The door flung open, and a tall woman stalked out, her wide skirts swirling round her, a harassed maidservant hurrying after her.

‘Thomas,’ she said sharply as she crossed the chamber, elbowed the clerk aside when he would have opened the door for her, jerked at the latch and flung the heavy boards back. The door, rebounding, caught her servant’s shoulder as he hurried to accompany her, then crashed shut behind the party.

Dhia!’ said Euan from the corner. ‘You would take her for Scathach herself!’

The man of law who appeared from the inner room was not an imposing figure. A foot or so shorter than Gil, narrow of face and form, one shoulder higher than the other, he glared after Mistress Trabboch, then sniffed disparagingly and turned to Gil.

‘Aye?’ he said.

Gil bowed, and said in Latin, ‘Good day to you, brother. May I have a word?’

Maister Pullar stared hard at him for a moment, then turned back into his chamber, saying in the same language, ‘Hah! Come in.’

‘A difficult client,’ Gil observed, closing the door behind him.

‘Difficult!’ said Maister Pullar. ‘Aye, very difficult. How may I help you, brother?’

Gil introduced himself and they bowed again, the formal recognition of one man of law for another. Pullar sat down at his elaborate desk and waved at the nearest stool.

‘Have a seat, maister. And what brings Blacader’s quaestor into Perth? The Archbishop of Glasgow has no authority in Dunkeld diocese.’ His Latin had the accent of St Andrews rather than Glasgow.

‘I know that,’ Gil agreed. ‘I am lodged at the house of the Dominicans.’

‘Ah. In the matter of the disappearance of Leonard Pollock, I must suppose.’

‘Indeed.’ Gil was watching the man, maintaining his friendly expression. ‘I am told you had some dealings with him. I hoped you might be able to tell me a little, seeing he is now known to be dead.’

‘Dead, is he? That is certain?’

‘The fire which was thought to have carried him off in fact destroyed his body absolutely. We have found his ashes.’
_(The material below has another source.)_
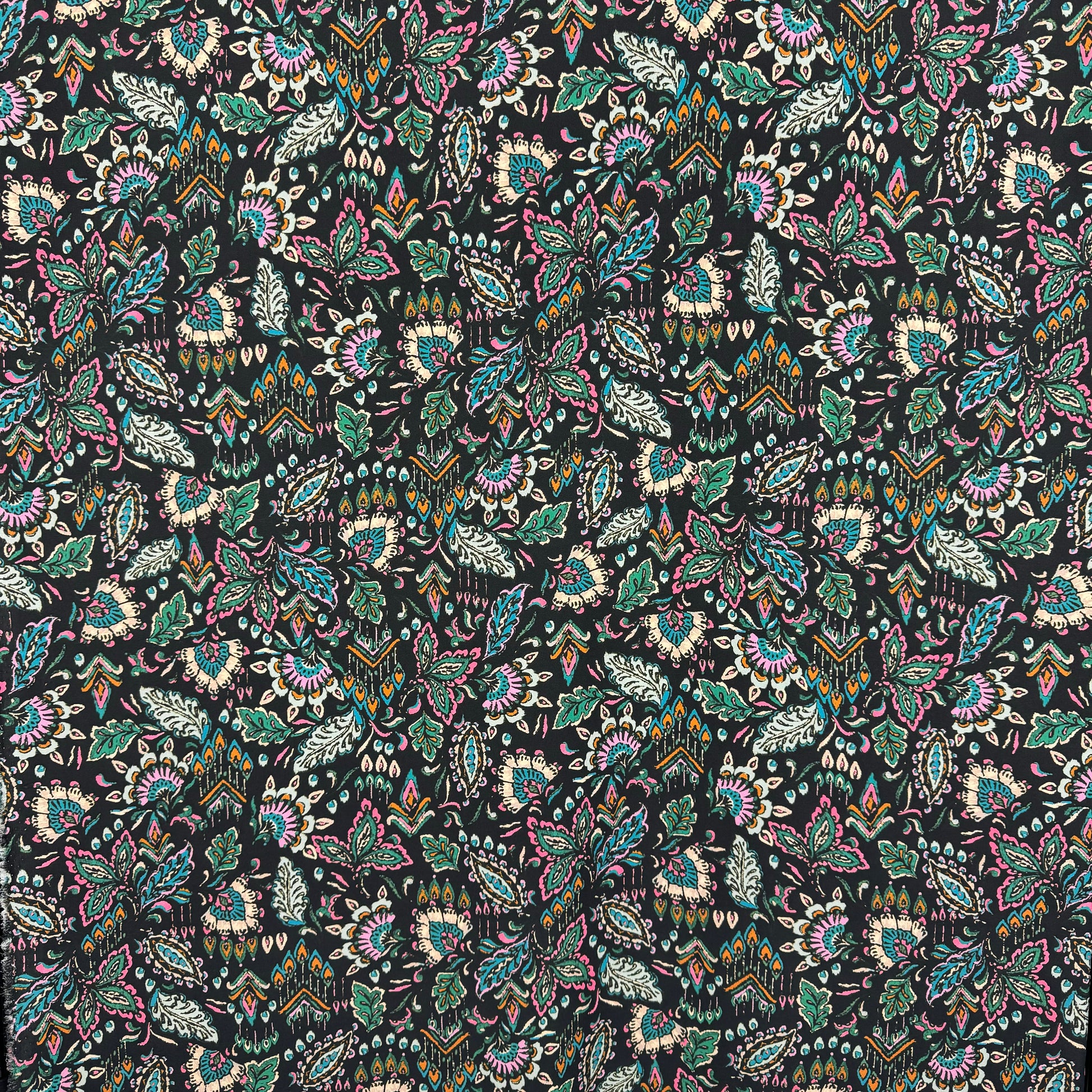 This lightweight satin-like polyester feature a multicoloured stamp style floral design that emulates a paisley. This would be perfect for lightweight dressmaking or lining. It has a very subtle sheen.

Maister Pullar crossed himself, murmured something conventional, and folded his hands on his desk.

‘What proof do we have that the ashes are Pollock’s?’ he asked.

‘Circumstantial only,’ Gil admitted. ‘The house was locked and barred from the inside, and we found the key melted among the ashes. It’s hard to say who else they might represent.’
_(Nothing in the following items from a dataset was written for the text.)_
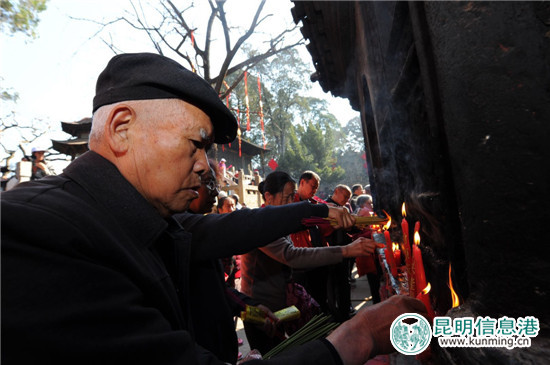 市民敬奉香火,祈福新春。昆明日报记者杨艳辉摄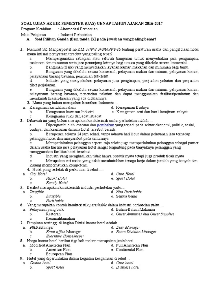 Soal Uas Industri Perhotelan Smt Genap 2016-2017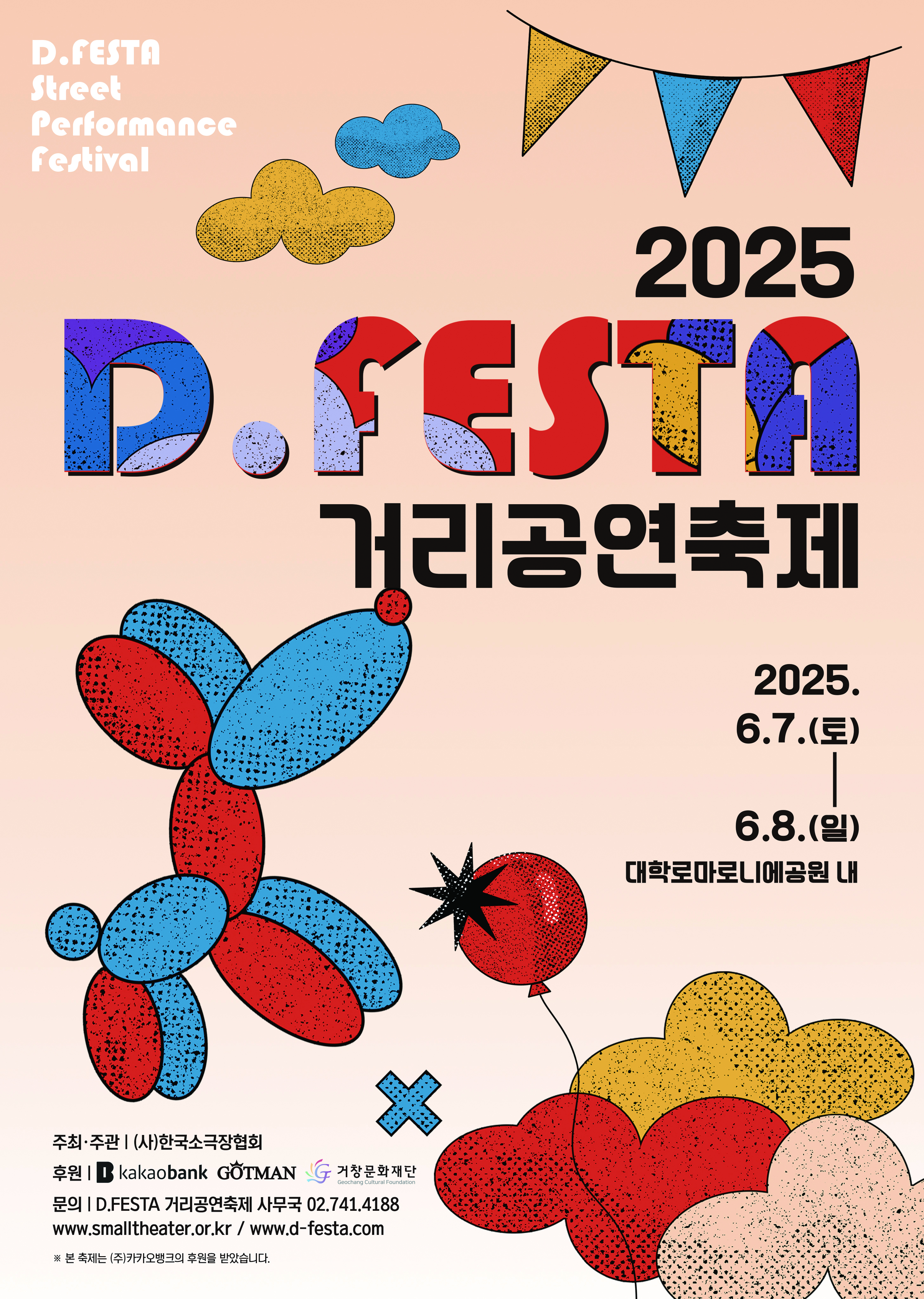 [플레이뉴스 문성식기자] (사)한국소극장협회는 오는 6월 7일(토)부터 8(일)까지 대학로 마로니에공원에서 ‘2025 D.FESTA 거리공연 축제’를 개최한다.

Pullar’s eyes widened briefly.

‘Melted?’ he repeated, and whistled. ‘Surely that must have been Hellfire.’

‘There was no smell of sulphur, nor other signs of demonic presence,’ Gil assured him. ‘I am working on the assumption that the fire was caused by some human agency, and seeking to learn who might have had cause to wish the man dead. The list is not short.’

‘Oh.’ Pullar contemplated his folded hands for a moment, a frown creasing his brow. Then he said, ‘I did indeed have some dealings with Pollock. I acted for him in one or two land transactions, very profitable to himself, and he has a strongbox deposited here.’ He fell silent. Gil waited, still watching; the man’s face gave away nothing further, and after a pause he continued, ‘I do not have the key, nor can I think it would be appropriate to open the box without some written authority.’

‘Father Prior?’ Gil suggested. ‘I am certain he would give you a letter over the convent’s seal requiring an inventory of the contents of the box. And I believe there is a key among the man’s effects at the Priory, which may be the key to the box.’

‘That might be suitable. Aye, that might be very suitable. Perhaps you would assist me to make such an inventory.’

‘That would be possible.’ Gil sat quiet, curious to see if any more information would emerge, and reflecting that he would not wish to play cards with this man; his expression did not alter for some time.

Finally Pullar appeared to come to a conclusion, and sat back, saying in Scots, ‘Aye, well, that’ll all be assopat now. You’ll be aware o his various sources o income, I take it, maister.’

‘I’ve found one or two,’ Gil admitted. ‘If you can show me any more I’d be glad of it.’

‘Aye. He’d the corrody, a course, a good sum lodged wi the Blackfriars by the Treasury to see to his keep as long’s he required it-’

‘Why was that?’ Gil interrupted. ‘D’you ken what prompted it? The Crown’s more like to set up a pension or a benefice than buy a corrody, by my observation.’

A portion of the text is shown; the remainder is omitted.